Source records
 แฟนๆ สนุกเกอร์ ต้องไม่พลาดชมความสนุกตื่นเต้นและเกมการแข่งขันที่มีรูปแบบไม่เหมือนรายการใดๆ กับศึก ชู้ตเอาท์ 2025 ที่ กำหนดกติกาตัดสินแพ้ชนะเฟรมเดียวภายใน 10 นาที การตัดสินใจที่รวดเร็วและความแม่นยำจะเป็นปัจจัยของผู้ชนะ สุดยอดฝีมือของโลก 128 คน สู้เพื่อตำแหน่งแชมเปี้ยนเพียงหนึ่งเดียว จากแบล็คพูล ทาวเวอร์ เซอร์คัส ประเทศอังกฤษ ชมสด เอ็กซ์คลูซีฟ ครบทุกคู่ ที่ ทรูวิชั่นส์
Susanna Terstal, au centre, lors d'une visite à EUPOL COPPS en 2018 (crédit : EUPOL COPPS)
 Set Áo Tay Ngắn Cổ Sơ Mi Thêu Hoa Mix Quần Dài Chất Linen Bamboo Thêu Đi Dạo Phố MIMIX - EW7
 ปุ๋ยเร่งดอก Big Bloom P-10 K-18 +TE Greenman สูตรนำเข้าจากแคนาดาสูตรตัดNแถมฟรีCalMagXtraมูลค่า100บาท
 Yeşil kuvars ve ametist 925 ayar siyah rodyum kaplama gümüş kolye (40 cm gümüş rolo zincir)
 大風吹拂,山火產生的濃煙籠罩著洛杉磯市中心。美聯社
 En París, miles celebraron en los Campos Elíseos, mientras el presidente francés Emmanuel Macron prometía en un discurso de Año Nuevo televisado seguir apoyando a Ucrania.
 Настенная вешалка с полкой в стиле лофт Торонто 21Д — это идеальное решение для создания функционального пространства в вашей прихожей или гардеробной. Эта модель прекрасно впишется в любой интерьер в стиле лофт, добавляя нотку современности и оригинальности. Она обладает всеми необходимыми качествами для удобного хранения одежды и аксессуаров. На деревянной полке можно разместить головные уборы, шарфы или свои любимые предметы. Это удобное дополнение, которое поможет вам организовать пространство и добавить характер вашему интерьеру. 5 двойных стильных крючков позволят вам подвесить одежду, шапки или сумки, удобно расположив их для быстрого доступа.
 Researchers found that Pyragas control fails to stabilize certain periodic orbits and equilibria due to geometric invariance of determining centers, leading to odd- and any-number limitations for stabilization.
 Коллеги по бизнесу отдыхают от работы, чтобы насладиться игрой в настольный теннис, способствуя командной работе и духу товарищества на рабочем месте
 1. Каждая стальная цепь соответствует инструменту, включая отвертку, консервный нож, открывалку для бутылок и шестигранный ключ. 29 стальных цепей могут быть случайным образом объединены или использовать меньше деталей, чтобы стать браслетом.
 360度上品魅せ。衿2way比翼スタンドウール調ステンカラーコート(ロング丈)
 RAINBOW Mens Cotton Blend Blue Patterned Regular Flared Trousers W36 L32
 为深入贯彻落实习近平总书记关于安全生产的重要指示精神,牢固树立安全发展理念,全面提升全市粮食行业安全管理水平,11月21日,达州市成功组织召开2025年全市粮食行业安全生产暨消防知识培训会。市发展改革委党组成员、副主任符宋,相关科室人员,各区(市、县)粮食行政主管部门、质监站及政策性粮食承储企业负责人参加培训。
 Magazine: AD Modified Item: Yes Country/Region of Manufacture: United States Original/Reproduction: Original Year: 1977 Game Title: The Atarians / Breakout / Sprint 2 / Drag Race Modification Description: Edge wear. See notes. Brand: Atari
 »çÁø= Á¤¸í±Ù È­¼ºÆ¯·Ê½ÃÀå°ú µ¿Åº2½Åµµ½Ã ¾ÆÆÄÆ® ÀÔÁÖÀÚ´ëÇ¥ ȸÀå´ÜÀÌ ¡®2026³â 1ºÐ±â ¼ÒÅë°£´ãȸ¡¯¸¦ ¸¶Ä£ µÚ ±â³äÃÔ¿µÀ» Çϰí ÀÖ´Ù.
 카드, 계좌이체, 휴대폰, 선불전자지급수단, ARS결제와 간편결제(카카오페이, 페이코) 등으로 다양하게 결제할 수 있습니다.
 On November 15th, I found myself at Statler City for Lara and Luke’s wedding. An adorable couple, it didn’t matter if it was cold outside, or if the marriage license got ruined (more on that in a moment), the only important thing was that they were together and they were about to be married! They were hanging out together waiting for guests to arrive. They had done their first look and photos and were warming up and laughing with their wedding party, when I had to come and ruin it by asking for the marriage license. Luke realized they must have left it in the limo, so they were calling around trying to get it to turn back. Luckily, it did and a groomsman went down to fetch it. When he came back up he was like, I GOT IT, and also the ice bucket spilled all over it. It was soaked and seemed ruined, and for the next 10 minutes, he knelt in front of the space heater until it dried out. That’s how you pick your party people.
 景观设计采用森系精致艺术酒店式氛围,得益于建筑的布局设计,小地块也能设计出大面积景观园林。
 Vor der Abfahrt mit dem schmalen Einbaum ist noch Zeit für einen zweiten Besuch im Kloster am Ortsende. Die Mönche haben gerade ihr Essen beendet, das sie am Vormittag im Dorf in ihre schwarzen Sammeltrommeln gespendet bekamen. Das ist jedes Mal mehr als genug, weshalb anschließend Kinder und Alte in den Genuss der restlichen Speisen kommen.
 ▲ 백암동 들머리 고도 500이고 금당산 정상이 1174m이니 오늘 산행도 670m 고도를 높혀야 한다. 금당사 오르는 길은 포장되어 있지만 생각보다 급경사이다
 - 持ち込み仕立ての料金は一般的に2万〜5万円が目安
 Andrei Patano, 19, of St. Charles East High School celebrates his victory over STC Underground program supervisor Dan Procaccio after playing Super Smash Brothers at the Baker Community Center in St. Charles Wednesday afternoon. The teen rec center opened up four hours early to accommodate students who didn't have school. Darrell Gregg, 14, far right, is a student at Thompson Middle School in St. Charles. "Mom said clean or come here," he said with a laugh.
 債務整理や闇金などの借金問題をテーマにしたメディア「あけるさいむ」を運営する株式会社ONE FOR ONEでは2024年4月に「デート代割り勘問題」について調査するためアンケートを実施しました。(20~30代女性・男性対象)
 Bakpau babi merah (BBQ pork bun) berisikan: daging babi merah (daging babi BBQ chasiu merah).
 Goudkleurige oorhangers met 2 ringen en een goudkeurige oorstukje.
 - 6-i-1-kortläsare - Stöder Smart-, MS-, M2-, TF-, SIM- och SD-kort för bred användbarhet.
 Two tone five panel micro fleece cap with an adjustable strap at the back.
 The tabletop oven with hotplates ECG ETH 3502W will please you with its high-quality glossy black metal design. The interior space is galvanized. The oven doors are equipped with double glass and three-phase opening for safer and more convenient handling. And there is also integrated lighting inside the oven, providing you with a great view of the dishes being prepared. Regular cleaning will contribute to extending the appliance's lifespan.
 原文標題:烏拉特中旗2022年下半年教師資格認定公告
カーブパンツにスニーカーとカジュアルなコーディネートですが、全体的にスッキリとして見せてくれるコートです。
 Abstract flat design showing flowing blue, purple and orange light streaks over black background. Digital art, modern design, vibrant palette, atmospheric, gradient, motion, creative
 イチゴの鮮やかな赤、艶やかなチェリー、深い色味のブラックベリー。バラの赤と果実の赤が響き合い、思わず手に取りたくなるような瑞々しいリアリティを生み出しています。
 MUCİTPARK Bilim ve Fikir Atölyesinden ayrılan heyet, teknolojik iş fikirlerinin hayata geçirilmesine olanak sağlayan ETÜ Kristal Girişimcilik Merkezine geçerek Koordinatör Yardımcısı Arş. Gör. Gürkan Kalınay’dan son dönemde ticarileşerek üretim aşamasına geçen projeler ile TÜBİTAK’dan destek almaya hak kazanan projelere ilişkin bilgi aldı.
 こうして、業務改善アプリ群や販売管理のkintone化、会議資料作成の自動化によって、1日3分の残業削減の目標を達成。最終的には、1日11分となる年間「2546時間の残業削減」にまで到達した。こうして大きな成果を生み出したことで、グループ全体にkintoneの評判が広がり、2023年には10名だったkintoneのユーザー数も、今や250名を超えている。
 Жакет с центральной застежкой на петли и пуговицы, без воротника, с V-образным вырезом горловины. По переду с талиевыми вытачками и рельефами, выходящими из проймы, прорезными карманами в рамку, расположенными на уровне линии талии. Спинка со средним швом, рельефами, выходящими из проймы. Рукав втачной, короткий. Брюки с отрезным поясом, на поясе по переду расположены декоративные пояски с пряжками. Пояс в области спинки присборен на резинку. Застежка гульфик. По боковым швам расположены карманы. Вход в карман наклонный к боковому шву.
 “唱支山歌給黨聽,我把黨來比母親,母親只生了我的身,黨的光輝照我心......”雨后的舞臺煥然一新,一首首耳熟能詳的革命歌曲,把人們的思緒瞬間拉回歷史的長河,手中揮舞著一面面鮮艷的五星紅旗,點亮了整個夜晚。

WHAT THE TASK ASKS: Return the lines above that include the string "also".

TASK RESPONSE:
 On November 15th, I found myself at Statler City for Lara and Luke’s wedding. An adorable couple, it didn’t matter if it was cold outside, or if the marriage license got ruined (more on that in a moment), the only important thing was that they were together and they were about to be married! They were hanging out together waiting for guests to arrive. They had done their first look and photos and were warming up and laughing with their wedding party, when I had to come and ruin it by asking for the marriage license. Luke realized they must have left it in the limo, so they were calling around trying to get it to turn back. Luckily, it did and a groomsman went down to fetch it. When he came back up he was like, I GOT IT, and also the ice bucket spilled all over it. It was soaked and seemed ruined, and for the next 10 minutes, he knelt in front of the space heater until it dried out. That’s how you pick your party people.
 The tabletop oven with hotplates ECG ETH 3502W will please you with its high-quality glossy black metal design. The interior space is galvanized. The oven doors are equipped with double glass and three-phase opening for safer and more convenient handling. And there is also integrated lighting inside the oven, providing you with a great view of the dishes being prepared. Regular cleaning will contribute to extending the appliance's lifespan.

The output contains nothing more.